Delta compression using up to 16 threads
Compressing objects: 100% (18/18), done.
fatal: the remote end hung up unexpectedly
nothing to commit, working tree clean fatal: unable to access 'https://gitlab.aicrowd.com/hca97/mosquitoalert-2023-phase2-starter-kit.git/': The requested URL returned error: 504
Hi @HCA97 ,
fatal: unable to access 'https://gitlab.aicrowd.com/hca97/mosquitoalert-2023-phase2-starter-kit.git/': The requested URL returned error: 504
I had the same error. I needed to create a new SSH key pair, then it worked again. The other two errors I did not observe. I thought it was due to my key pair being expired - but maybe there was some different issue/changes.
@fkemeth I have generated a new SSH key but I am still having the same error. I can pull or commit my changes but I cannot submit them.

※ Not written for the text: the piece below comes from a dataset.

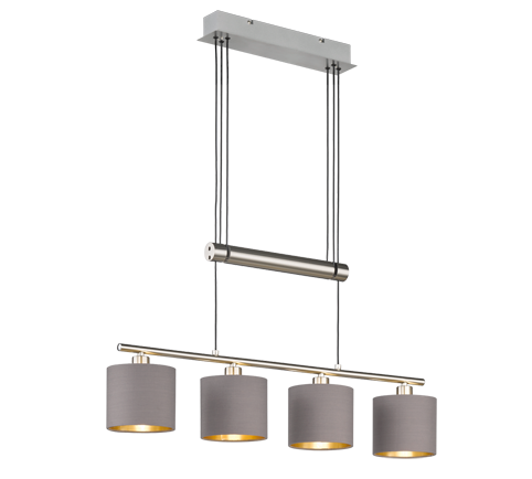 Een moderne hanglamp van het merk Trio. Deze hanglamp is gemaakt van metaal en uitgevoerd in de kleur nikkel mat. De lamp kan goed worden toegepast in de woonkamer of boven de eettafel in de eetkamer. Deze hanglamp beschikt over vier taupekleurige kappen welke gemaakt zijn van textiel. De kappen hebben een diameter van 13,5 cm. Elke kap biedt plaats aan een E14-fitting die geschikt is voor een max. wattage van 28W. Deze hanglamp is in hoogte verstelbaar.

if you can able to submit could you submit my solution it is in hca branch
Okay, I managed to resolve the issue, it seems like there is something wrong with submit.sh
,
We can either create a new tag in the UI or by git. But tag must start with submission-
Did you manage to resolve it?
I never used the submit.sh. I always did something like
git tag -am "submission-abc" submission-abc
git push origin submission-abc
which triggered the submission (I commited and pushed the changes to master before that).

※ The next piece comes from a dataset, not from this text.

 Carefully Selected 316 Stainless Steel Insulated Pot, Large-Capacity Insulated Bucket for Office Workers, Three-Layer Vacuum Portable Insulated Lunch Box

ooo, I always used the submission script. Yes, it is resolved.
In the inference script, we have
image_cropped = image[bbox[1] : bbox[3], bbox[0] : bbox[2], :]
I am not sure about the Yolo format, but shouldn't it be
image_cropped = image[bbox[0] : bbox[2], bbox[1] : bbox[3], :]
as with [xmin, ymin, xmax, ymax]?
Finally, we increased our score (I think the dataset from Lux is pretty good), but it takes more than 3 hours to train!
http://gitlab.aicrowd.com/hca97/mosquitoalert-2023-phase2-starter-kit/issues/137
Unfortunately, I forgot to set the warm_up_steps
so we used 2000 instead of 1000 but I doubt switching to 1000 will improve our score. (training code https://github.com/HCA97/Mosquito-Classifiction/blob/yolo_and_more_testing/mosquito_clf_yolo_lux_ema.py)
n_classes: 6
model_name: ViT-L-14
dataset: datacomp_xl_s13b_b90k
freeze_backbones: false
head_version: 7
warm_up_steps: 2000
bs: 16
data_aug: hca
loss_func: ce
epochs: 15
label_smoothing: 0.1
hd_lr: 0.0003
hd_wd: 1.0e-05
img_size:
- 224
- 224
use_ema: true
use_same_split_as_yolo: false
shift_box: false
max_steps: 60000
wow, what a nice thing is I am getting the same score with the local evaluation!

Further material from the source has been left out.